Experts press IAEA to release Iran deal specifics on Parchin inspections

Special to WorldTribune.com

Nuclear security experts are calling on the International Atomic Energy Agency (IAEA) to release details contained in the Iran nuclear agreement on how Iran’s Parchin nuclear facility will be inspected.

The experts said failure to disclose the details was damaging the credibility of the IAEA, the UN’s nuclear watchdog. The view of the experts has been rejected by the IAEA and the United States government.

Iran's Parchin nuclear facility.
Iran’s Parchin nuclear facility.

Critics of the U.S. administration say President Barack Obama has given Iran too much leeway to conduct its own inspections at Parchin, including taking samples.

The inspections are needed to resolve questions about whether Iran did research in the past at Parchin related to building a nuclear weapon.

“(Details) should be released because it’s undermining the IAEA’s credibility. Whatever the outcome of the sampling, the secrecy makes it harder to determine whether it’s a credible sampling approach,” said David Albright, head of the Institute for Science and International Security in Washington.

Former IAEA deputy director-general Olli Heinonen, now at Harvard University, said the secrecy could not be justified.

“This is a very unusual IAEA verification approach, which has no reason to be confidential unless a very special reason — proprietary, economic or security — calls for it,” he said.

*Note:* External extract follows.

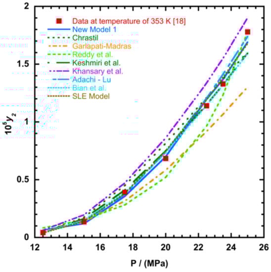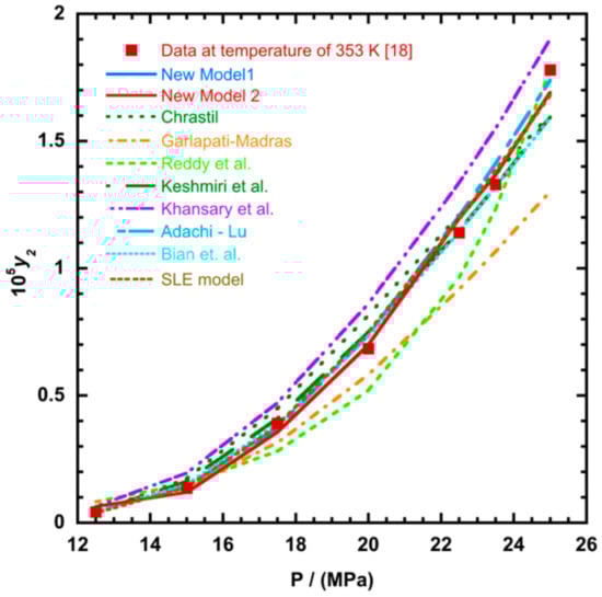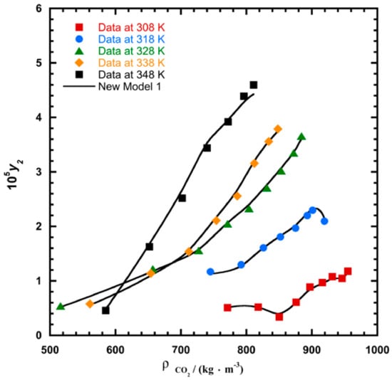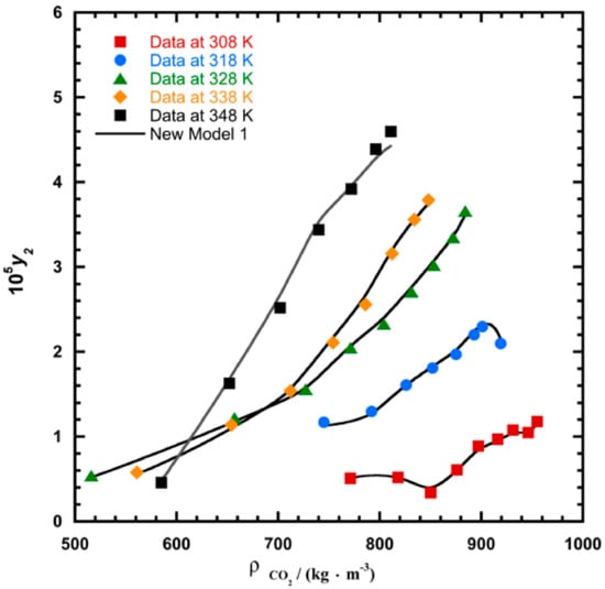 Bian et al. (2016) [14] found a model with five constant parameters with relationship between solubility of solute ( and density, , and obtained the following model:

The IAEA contends that it is legally obligated to keep details of the arrangement confidential, but insists the deal is technically sound and will ensure the samples are not compromised.

Non-proliferation expert Jeffrey Lewis of the Monterey Institute of International Studies and founder of the ArmsControlWonk.com blog, agreed. Releasing the details under pressure would undermine countries’ trust in the agency, he said.

“This would severely compromise the ability of the IAEA to carry out its mission around the world,” he said.

A report last month by the Associated Press said that Iran would be able to use its own inspectors to collect samples at Parchin without the IAEA present. Iranian officials have also said that international experts would not be allowed in.

Diplomats familiar with the deal told Reuters that UN inspectors would be present at Parchin to oversee the inspections. The diplomats, who have knowledge of the deal, said that while the IAEA inspectors will not be next to the Iranian technicians when they take samples, they will be at Parchin overseeing the process and cameras will record the process.

Iran cannot receive sanctions relief promised under the nuclear deal until the IAEA is satisfied it has answered outstanding questions about the so-called “possible military dimensions” of past Iranian nuclear research. IAEA inspectors have not visited the Parchin site in a decade.